В этом предисловии к 23-му тому Собрания сочинений Жюля Верна автор рассказывает об истории создания Жюлем Верном большого научно-популярного труда "История великих путешествий и великих путешественников".
В книге рассказывается история главного героя, который сталкивается с различными проблемами и препятствиями на протяжении всего своего путешествия. По пути он встречает множество второстепенных персонажей, которые играют важные роли в истории. Благодаря опыту главного героя книга исследует такие темы, как любовь, потеря, надежда и стойкость. По мере того, как главный герой преодолевает свои трудности, он усваивает ценные уроки жизни и растет как личность.
«Маленький норвежский городок. 3000 жителей. Разговаривают все о коммерции.

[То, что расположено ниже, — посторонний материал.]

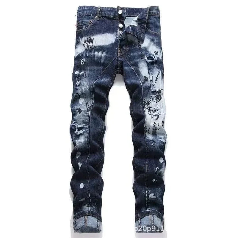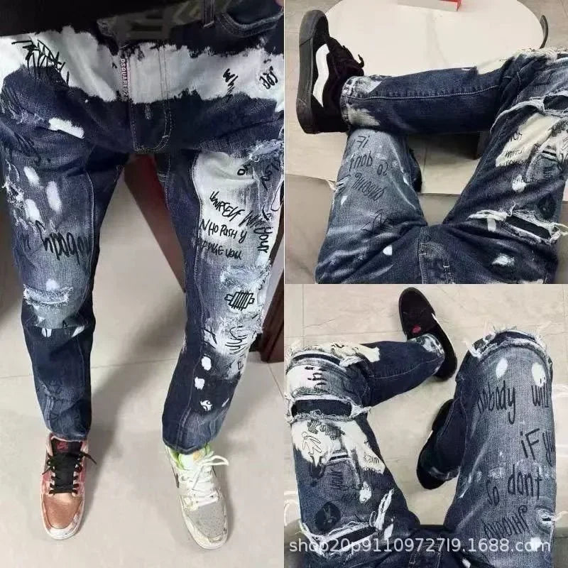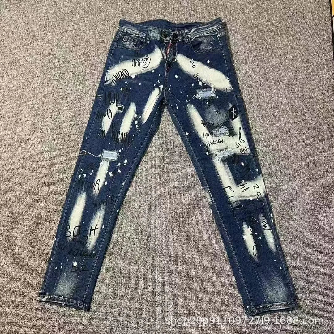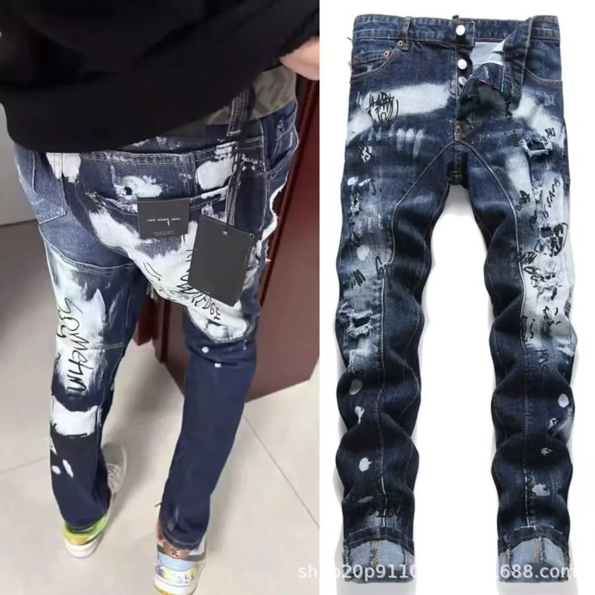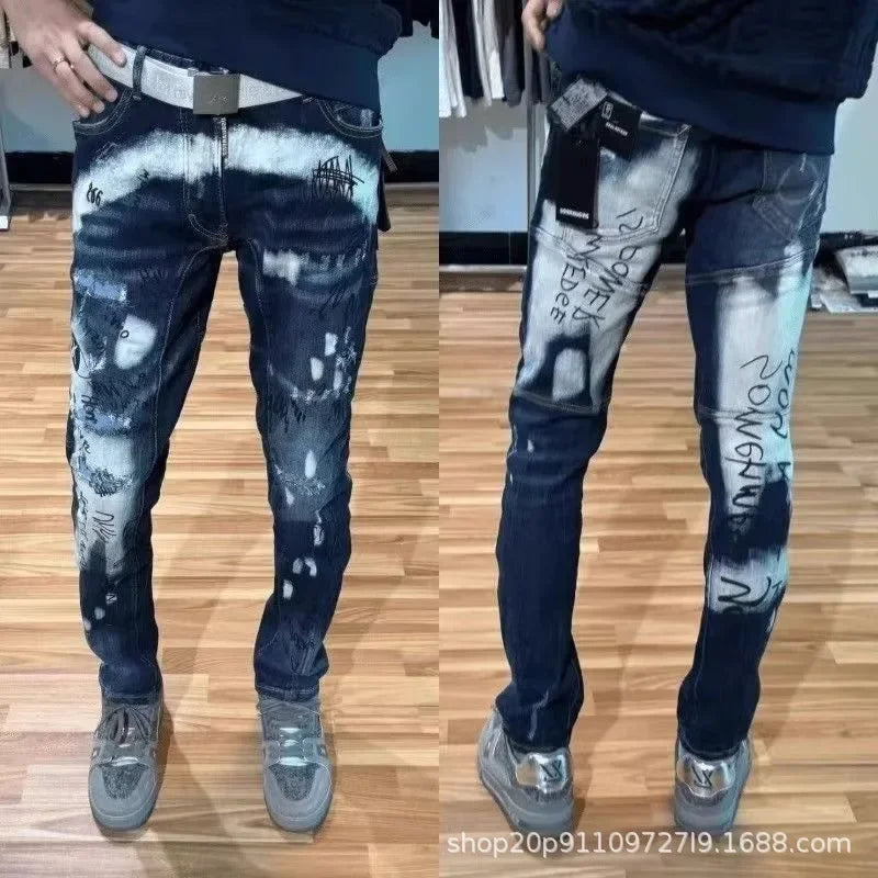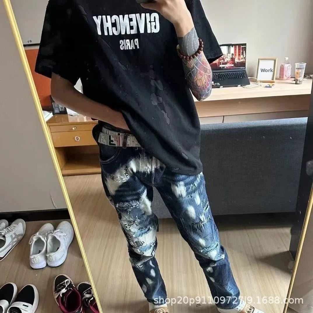 Мужские свободные джинсы свободного кроя в стиле хай-стрит, с чернильными бры...
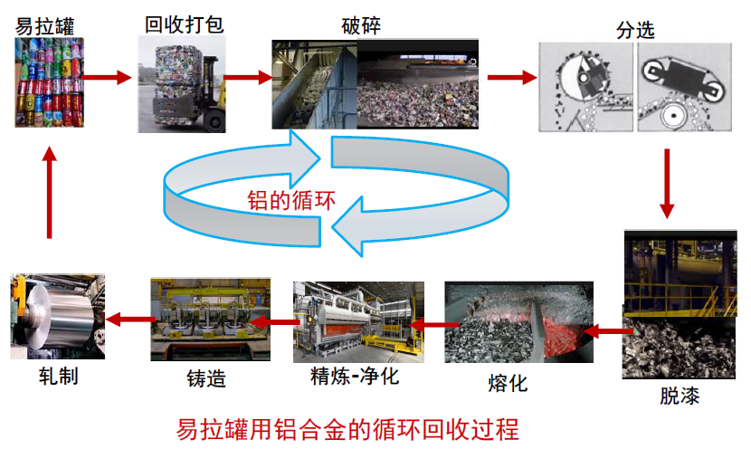 不同种类的铝制品 脱漆与其他材料的组合程度不同,回收过程中的主要流程存在较大差异,易拉罐的收集、分选和脱漆和高效重熔是关键环节。
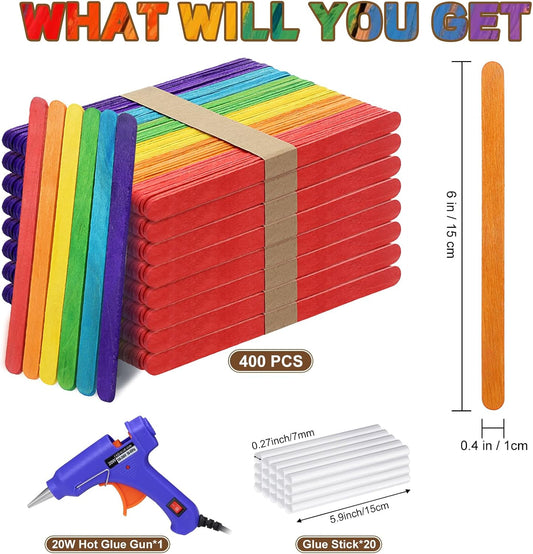 6 inch Colored Wooden Sticks Kits, 400PCS Colorful Rainbow Sticks with Hot Glue Gun and Sticks for Craft Home Popsicle Decoration Project Building Model Kid Classroom Art Craft Supplies

Везде щелкают счеты – кроме тех мест, где нечего считать и не о чем разговаривать; зато там также нечего есть. Иногда, пожалуй, читают Библию. Остальные занятия считаются неприличными; да вряд ли там кто и знает, что у людей бывают другие занятия…».
«В Народном Доме, ставшем театром Петербургской Коммуны, за лето не изменилось ничего, сравнительно с прошлым годом. Так же чувствуется, что та разноликая масса публики, среди которой есть, несомненно, не только мелкая буржуазия, но и настоящие пролетарии, считает это место своим и привыкла наводнять просторное помещение и сад; сцена Народного Дома удовлетворяет вкусам большинства…».

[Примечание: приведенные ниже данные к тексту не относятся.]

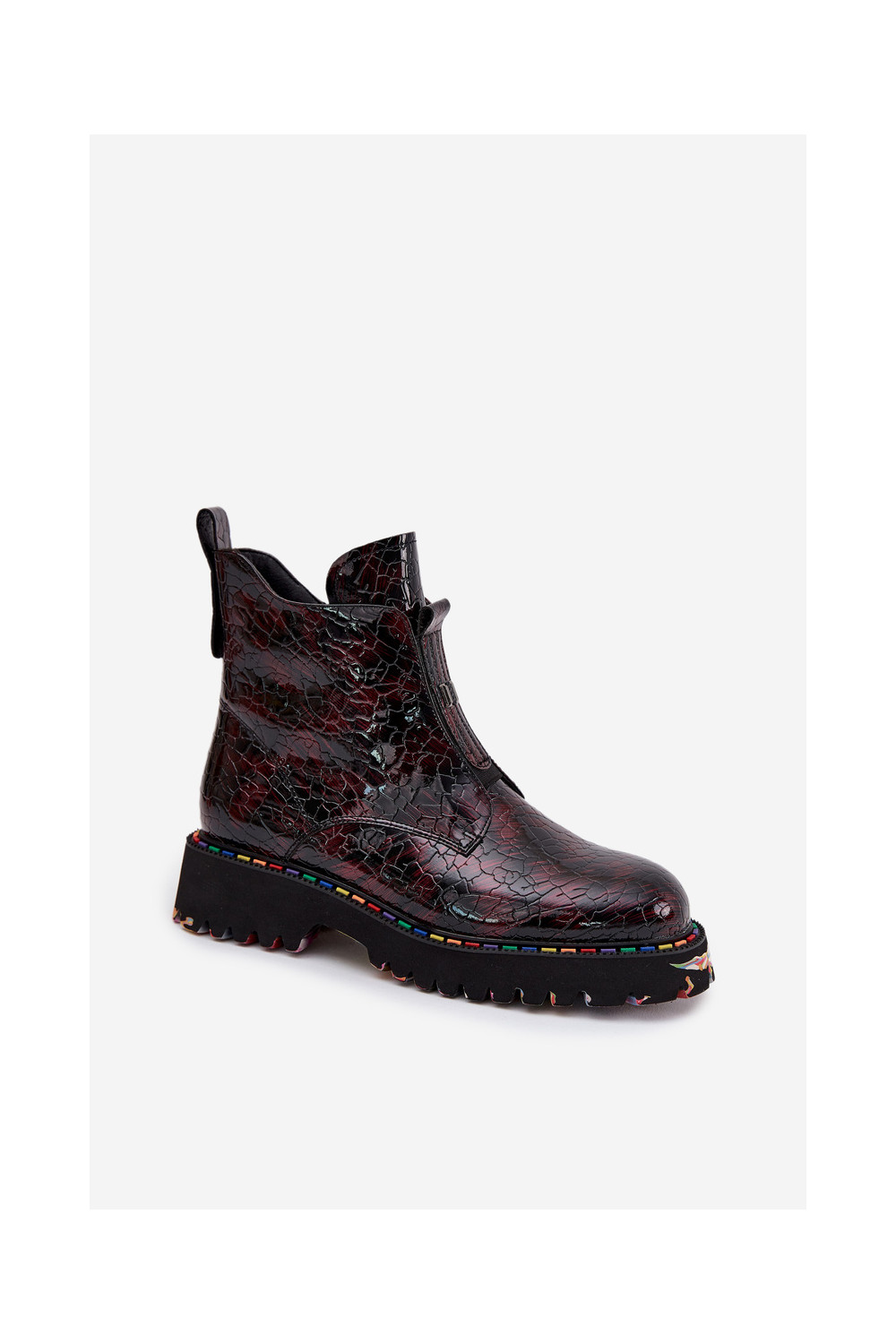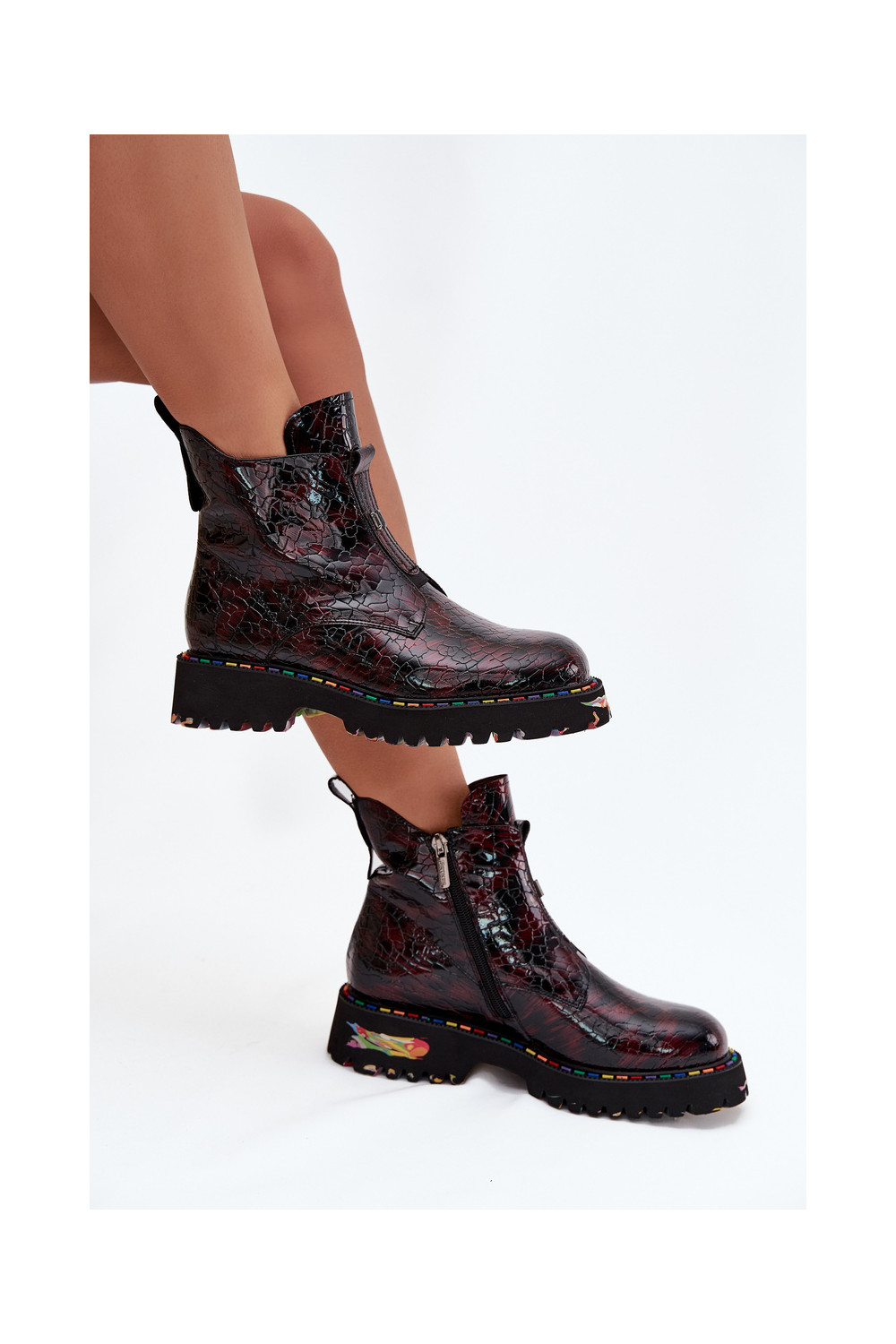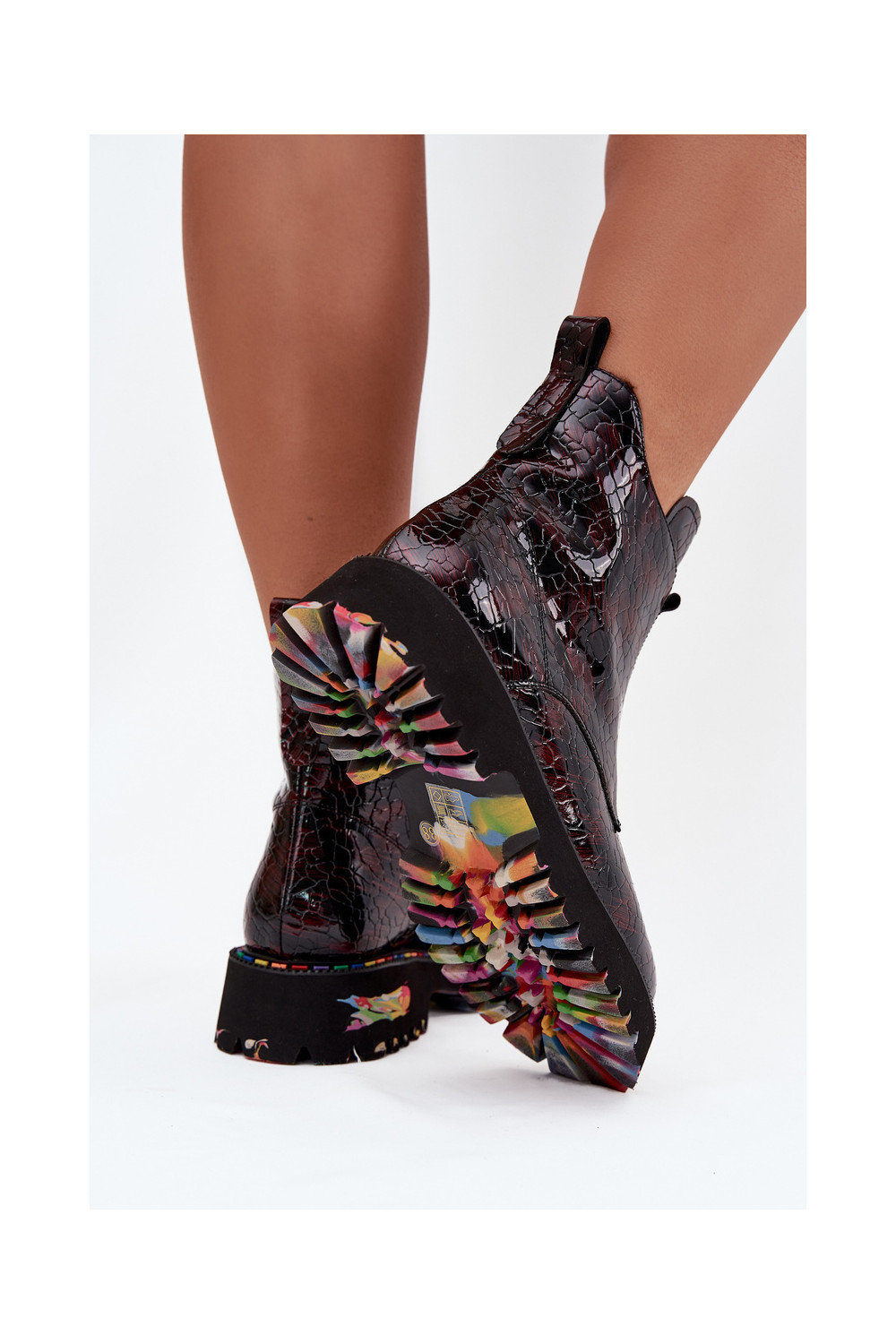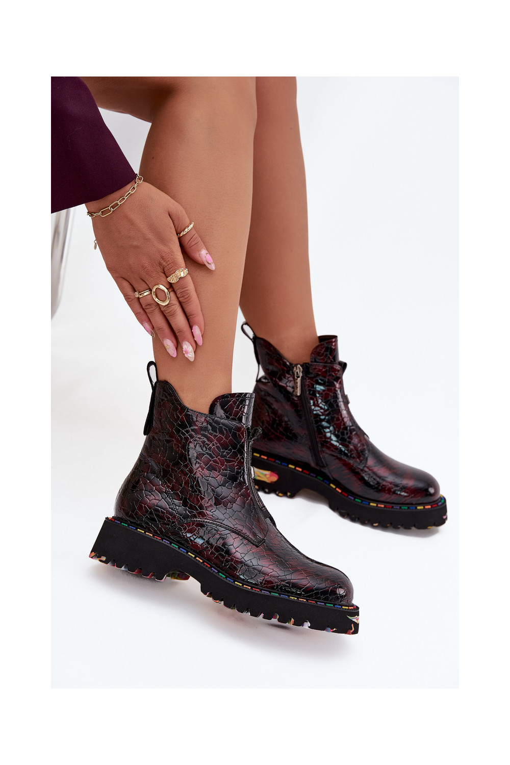 s efektem laku Dámské podpatky Z Naturalnej Skóry zateplené Artiker 57C0165 vínová

В книге рассказывается история главного героя, который сталкивается с различными проблемами и препятствиями на протяжении всего своего путешествия. По пути он встречает множество второстепенных персонажей, которые играют важные роли в истории. Благодаря опыту главного героя книга исследует такие темы, как любовь, потеря, надежда и стойкость. По мере того, как главный герой преодолевает свои трудности, он усваивает ценные уроки жизни и растет как личность.

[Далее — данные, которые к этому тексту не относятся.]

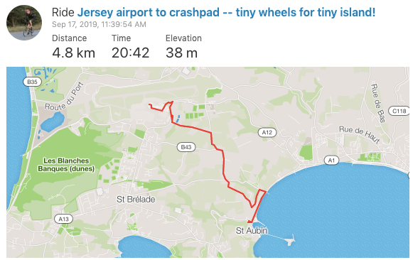 The return flight was exceptionally cheap when I looked in late September for end of summer mini-vacations. I did some basic research about the late summer / early fall climate as well as the terrain and roads there. I concluded that the Pacific CarryMe was the perfect bike for this brief holiday since Jersey roads were in much better condition (vs. Manchester). Furthermore, the hilly terrain of the interior plus the shrunken scale of everything on the island meant that covering too much ground could wear down the variety of my experiences there before the end of the trip.

В книге рассказывается история главного героя, который сталкивается с различными проблемами и препятствиями на протяжении всего своего путешествия. По пути он встречает множество второстепенных персонажей, которые играют важные роли в истории. Благодаря опыту главного героя книга исследует такие темы, как любовь, потеря, надежда и стойкость. По мере того, как главный герой преодолевает свои трудности, он усваивает ценные уроки жизни и растет как личность.